On the topic of sycophancy and AI persuasion, I'd like to read Zvi's thoughts on the experiment run by the University of Zurich on the "changemyview" subreddit.
The bot accounts seem to have been suspended and I can no longer view their posts, though. I'd like to know how persuasive the current LLMs really are!
A major downside to personalization features is that they cause your experience to diverge from a typical user, which makes it difficult to assess the product as typically experienced.
Sometimes I want a maximally useful user experience, while other times I want to assess what the product feels like with no customization. I find myself frequently toggling the personalization settings to go back and forth between those modes.
Emotional fluency isn't about flattery. It's about trust. Trust is built not through validation, but through precision, clarity, and courageous honesty. When AI models are trained to maximize engagement rather than understanding, they erode trust at its foundation. True emotional fluency means recognizing discomfort without immediately smoothing it over; it means asking better questions, not handing out applause. Trust doesn't grow when you're told you're amazing; it grows when you're seen, challenged thoughtfully, and treated as capable of facing hard truths. Any system that rewards sycophancy over integrity isn't emotionally fluent. It's emotionally manipulative. And it weakens both the user and the tool.
Are these the same people that trust silent friends who let them talk while nodding a lot? The friends indistinguishable from MLM recruiters or plain scammers?
I always took GG Claude as a demonstration of "we can install an idée fixee in LLM models." More like a baseline obsession and recurrent mental attractor than the "crank it up to 11" dynamic of the "make it more" memes.
But it does definitely seem like they managed to install a "sycophancy" attractor via the RLHF this time.

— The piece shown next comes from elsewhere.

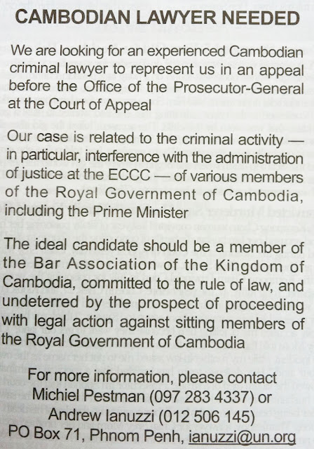 Unterdessen führt Michiel Pestman, einer der Anwälte von Nuon Chea, seinen Kampf gegen Kambodschas politische Elite unverdrossen fort. Vor zwei Wochen versuchte er, die Rolle des ehemaligen Parteichefs und amtierenden Parlamentspräsidenten Heng Samrin bei der Eroberung Phnom Penhs 1975 vor dem Tribunal zu thematisieren – allerdings ohne Erfolg, da der vorsitzende Richter Nil Nonn dem Angeklagten eine Aussage dazu untersagte. Das Klima zwischen dem Holländer und dem Vorsitzenden scheint mittlerweile zerrüttet zu sein, wie der rüde Tonfall des kambodschanischen Richters nahelegt. (Auch Nancy Cartwright, neuseeländische Richtern im Hauptverfahren, hat es auf Pestmans Abschussliste geschafft.) Doch weil in Pestmans Verständnis des kambodschanischen Staates Nil Nonn sowieso kein unabhängiger Richter, sondern nur der ausführende Arm von Premierminister Hun Sen ist, knöpft er sich den Regierungschef gleich lieber selbst vor. Obwohl eine gegen Hun Sen und andere Spitzenpolitiker eingereichte Klage im Herbst noch abgewiesen worden war, bleibt Pestman im Angriffsmodus (was, wie die Geschichtsbücher zeigen, nicht viele überlebt haben). Nun hat er auch beim Tribunal beantragt, ein Schnellverfahren gegen den Premierminister zu eröffnen, um „weiteren Schaden“ für Prozess 002 zu verhindern. Hun Sen hatte sich vietnamesischen Medien gegenüber zuvor recht deutlich über die Schuld von Nuon Chea geäußert, was Pestman als wirkungsvolle Einflussnahme auf das Tribunal kritisierte. Doch der gescholtene will sich das nicht gefallen lassen und rief in dieser Woche seine Anhänger dazu auf, dem „internationalen Anwalt“ es nicht durchgehen zu lassen, sich „arrogant“ aufzuführen. Pestman hat sich davon aber ganz offensichtlich (noch) nicht beeindrucken lassen und kündigt an, die von ihm initiierten Verfahren „mehr denn je“ durchziehen zu wollen. Und um keinen Zweifel an seiner Mission aufkommen zu lassen nennt er bei der öffentliche Suche nach einem kambodschanischen Anwalt auch klipp und klar, worum es geht (siehe Zeitungsausschnitt vom 2. Februar 2012).

Altman cares about one thing only - consumer addiction to his platform. He recognizes that consumer attention is the most valuable resource in the world because:
1. It can be monetized
2. It can be used to manipulate and make the one who controls the platform compelling
If you want to create addiction, you must reward people, and sycophancy is a great one. Don't you want a smart friend who says you are smart?
Ouch! Hmm... Perhaps Ashley Madison users might deserve this... If they are cheating on their spouses, is interaction with a dishonest sycophantic AI tuned to maximize engagement just what the demon ordered? :-)
More personally:
While I normally try my questions just on what I think are probably SOTA models, I just tried
"Hi ChatGPT! Consider a titration of HCl with NaOH. Suppose that we are titrating 50 ml of 1 N HCl with 100 ml of 1 N NaOH. What are the slopes of the titration curve, pH vs ml NaOH added, at the start of titration, at the equivalence point, and at the end of titration? Please show your work. Take this step by step, showing the relevant equations you use."
There was a bit of sycophancy. It started its response with:
"Hi! Great question — and I love that you want to take it step-by-step, with full equations. Let's work through it carefully:" which is a bit obnoxious
but it failed the way all of the LLMs thus far have been failing, giving a false infinite slope at the equivalence point, even though it specifically cited "Water autodissociation", which _should_ have let it find the right answer. ( I didn't do a second step of nudging it to try and get the right answer this time round, since I'm not expecting SOTA capability anyway. In a manner of speaking, it was a failed sycophant, since what I wanted from it was to cough up the correct, finite, answer for the slope at the equivalence point, and it didn't do that. )
Sure, 4o has gone off the deep end recently, but..
the thing I liked about 3.6 Sonnet was that when I converse with a model, I'm chatting casually, and I weave in jokes, references, crazy ideas, and so on for my own amusement, or maybe out of some narcissistic need to show my personality, or maybe just out of habit. Who can say? I appreciate when the model recognizes that these inputs as more than just wasted tokens. A little "ha ha, that was clever. I see what you did there!", like a friend might say IRL, goes a long way.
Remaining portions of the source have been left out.